The Consumer Price Index (CPI) is one of the most commonly used measures of inflation (inflation) and deflation. Since deflation does not occur often, CPI is also generally referred to as inflation data. Published monthly, the data is one of the most important economic reports for market participants. All financial products, such as stocks, bonds, cryptocurrencies, foreign exchange, gold, etc., will be greatly affected by CPI. The easiest way to determine whether inflation is showing signs of easing or worsening is to compare current values with forecasts. If the current value is higher than the forecast value, it means that inflation is worse than expected; and vice versa. As a result, market volatility usually follows the release of CPI data. Among the CPI data of all countries in the world, the United States has the greatest influence.
On September 13, the U.S. Bureau of Labor Statistics announced that the U.S. CPI in August rose 8.3% year-on-year and 0.1% month-on-month. The increase was higher than the 8.1% economists expected, and poor inflation data tends to drag down financial markets, and this time was no exception. All three major U.S. stock indexes plummeted and posted their worst one-day performance in two years. The pessimism also quickly spread to the cryptocurrency market, with Bitcoin ending the day down 9.9%.

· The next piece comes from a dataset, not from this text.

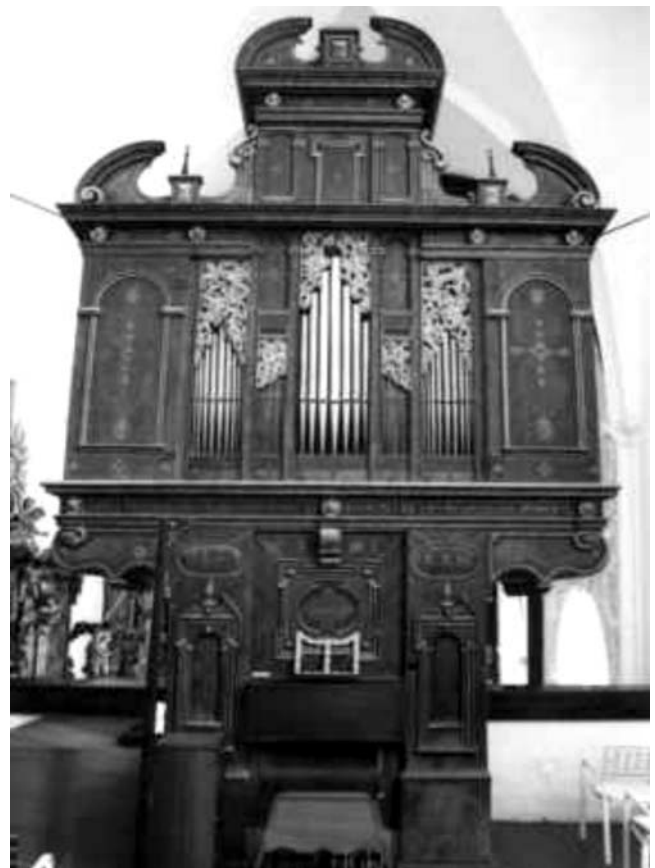
Prilog 4. Orgulje crkve Bezgrješnog začeca B. D. Marije u Lepoglavi ( http://www.zupa-lepoglava.hr/povijest.htm )

Some people are happy and some are worried. For traders and speculators, whether it is rising or falling, high volatility markets are nothing but good things. Their trading strategy can be as simple as this: that is, if the CPI data is worse than expected, they will be short; if it is better than expected, they will be long. Let's verify that this simple strategy works.
A total of 9 sets of CPI data have been released so far this year: 1 was better than expected, 2 were in line with expectations, and 6 were below expectations. If 2 of the expected data are removed, we have a total of 7 samples to prove the above trading ideas. The only better-than-expected CPI data in 2022 occurred in August. Bitcoin rose by 4.6% in the first hour after the report was released, and the increase expanded to 6.7% 24 hours later.
As for the other 6 times of bad inflation data, in the first hour after the report was released, Bitcoin recorded 5 (83%) trading losses, and 3 (60%) of the losses were further expanded after 24 hours. If you only look at the 24-hour transaction records after the release of the data, the price of Bitcoin has never been higher than its opening price, which means that the bad CPI will definitely make Bitcoin fall.
Although just looking at the data proves that the above-mentioned trading strategy is feasible, it is not easy to actually obtain first-hand CPI data. Not only that, but often when we see the actual data, the price of Bitcoin has already been quickly reflected. That being said, for seasoned traders, the CPI release date is an extra monthly payday.
Disclaimer: The information and figures provided in this article do not constitute any financial advice. Trading cryptocurrencies has various risks and may not be suitable for all investors. Please do your due research and contact your financial advisor before making any investment decisions and always ensure you understand the risks above.